**RECORDS PROVIDED:**
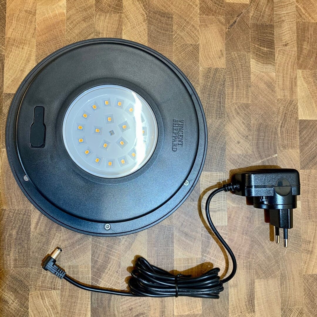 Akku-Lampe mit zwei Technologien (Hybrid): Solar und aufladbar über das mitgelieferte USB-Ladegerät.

==

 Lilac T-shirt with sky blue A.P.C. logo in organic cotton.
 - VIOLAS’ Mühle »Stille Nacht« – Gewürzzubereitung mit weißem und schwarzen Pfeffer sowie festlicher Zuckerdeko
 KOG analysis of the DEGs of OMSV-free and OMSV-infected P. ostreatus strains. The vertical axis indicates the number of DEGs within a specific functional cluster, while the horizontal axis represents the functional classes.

---

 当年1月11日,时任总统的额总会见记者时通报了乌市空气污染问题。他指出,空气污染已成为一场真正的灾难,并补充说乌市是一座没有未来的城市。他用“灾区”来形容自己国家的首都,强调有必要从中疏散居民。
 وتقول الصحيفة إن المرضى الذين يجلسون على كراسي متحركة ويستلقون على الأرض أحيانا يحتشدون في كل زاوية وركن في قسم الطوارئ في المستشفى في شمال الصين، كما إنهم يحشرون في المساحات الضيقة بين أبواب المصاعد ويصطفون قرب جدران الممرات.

**EXERCISE OBJECTIVE:**
Within the listing above, give again exactly every line from the line with "Lilac T-shirt with" through the line with "KOG analysis of", both included, and no other line.

**EXPECTED ANSWER:**
 Lilac T-shirt with sky blue A.P.C. logo in organic cotton.
 - VIOLAS’ Mühle »Stille Nacht« – Gewürzzubereitung mit weißem und schwarzen Pfeffer sowie festlicher Zuckerdeko
 KOG analysis of the DEGs of OMSV-free and OMSV-infected P. ostreatus strains. The vertical axis indicates the number of DEGs within a specific functional cluster, while the horizontal axis represents the functional classes.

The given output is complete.